● **Required action**: Using the listing below, please print exactly the lines from the one with "United Labels Garfield" through the one with "Rolex New 36mm". Leave out every picture.

● **Input records**:
---+---

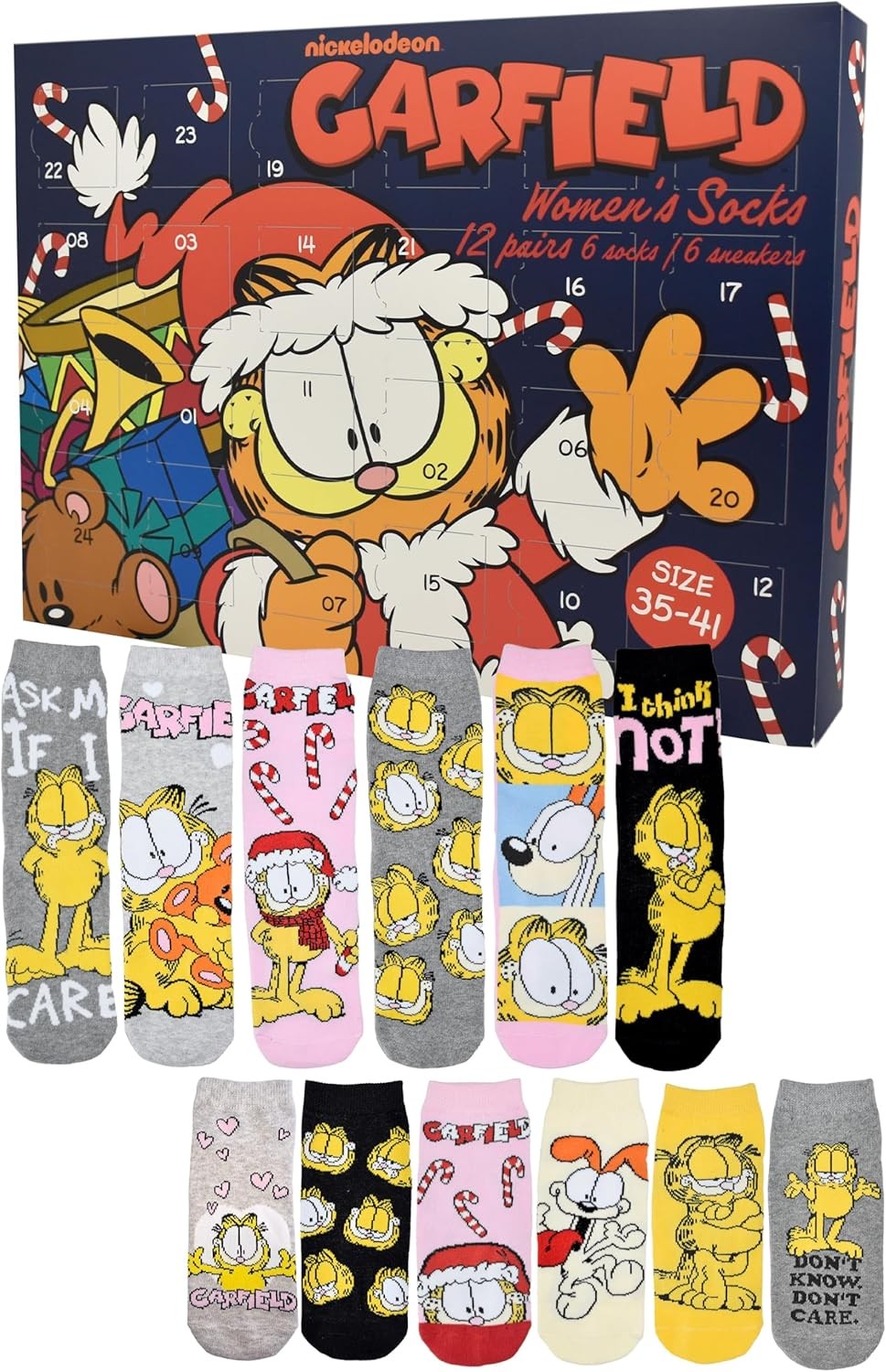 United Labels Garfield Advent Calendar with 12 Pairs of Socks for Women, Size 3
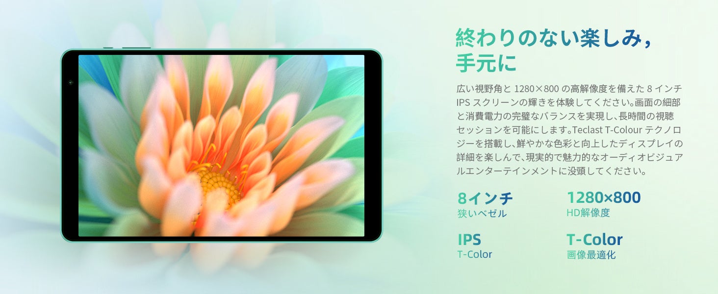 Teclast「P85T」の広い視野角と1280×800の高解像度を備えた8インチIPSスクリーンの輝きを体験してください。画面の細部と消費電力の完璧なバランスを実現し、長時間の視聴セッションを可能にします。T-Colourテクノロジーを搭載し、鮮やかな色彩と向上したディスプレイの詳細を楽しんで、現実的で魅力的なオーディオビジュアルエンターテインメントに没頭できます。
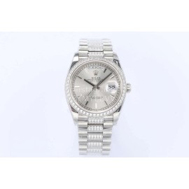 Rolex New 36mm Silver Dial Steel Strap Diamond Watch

---+---

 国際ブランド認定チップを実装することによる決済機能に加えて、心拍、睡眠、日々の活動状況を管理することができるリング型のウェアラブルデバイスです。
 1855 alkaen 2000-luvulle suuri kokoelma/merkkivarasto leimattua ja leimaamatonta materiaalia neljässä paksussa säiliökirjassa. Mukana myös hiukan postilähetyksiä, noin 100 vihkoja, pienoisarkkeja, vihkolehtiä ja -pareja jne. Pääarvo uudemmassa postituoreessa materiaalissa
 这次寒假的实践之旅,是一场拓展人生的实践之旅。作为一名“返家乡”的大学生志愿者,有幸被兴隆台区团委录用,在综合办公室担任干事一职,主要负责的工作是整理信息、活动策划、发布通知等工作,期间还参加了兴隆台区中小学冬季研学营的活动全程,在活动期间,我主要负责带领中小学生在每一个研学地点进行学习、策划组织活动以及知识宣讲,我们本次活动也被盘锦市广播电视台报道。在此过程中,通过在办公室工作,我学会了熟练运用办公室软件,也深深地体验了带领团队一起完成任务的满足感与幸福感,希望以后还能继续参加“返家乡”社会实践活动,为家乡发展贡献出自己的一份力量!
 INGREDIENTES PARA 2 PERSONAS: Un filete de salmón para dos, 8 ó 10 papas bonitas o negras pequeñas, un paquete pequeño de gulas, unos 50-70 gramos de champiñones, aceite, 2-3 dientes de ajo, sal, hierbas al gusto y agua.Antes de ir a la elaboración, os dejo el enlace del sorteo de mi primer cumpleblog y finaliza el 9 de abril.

---+---

● **Completed task**:
 United Labels Garfield Advent Calendar with 12 Pairs of Socks for Women, Size 3
 Teclast「P85T」の広い視野角と1280×800の高解像度を備えた8インチIPSスクリーンの輝きを体験してください。画面の細部と消費電力の完璧なバランスを実現し、長時間の視聴セッションを可能にします。T-Colourテクノロジーを搭載し、鮮やかな色彩と向上したディスプレイの詳細を楽しんで、現実的で魅力的なオーディオビジュアルエンターテインメントに没頭できます。
 Rolex New 36mm Silver Dial Steel Strap Diamond Watch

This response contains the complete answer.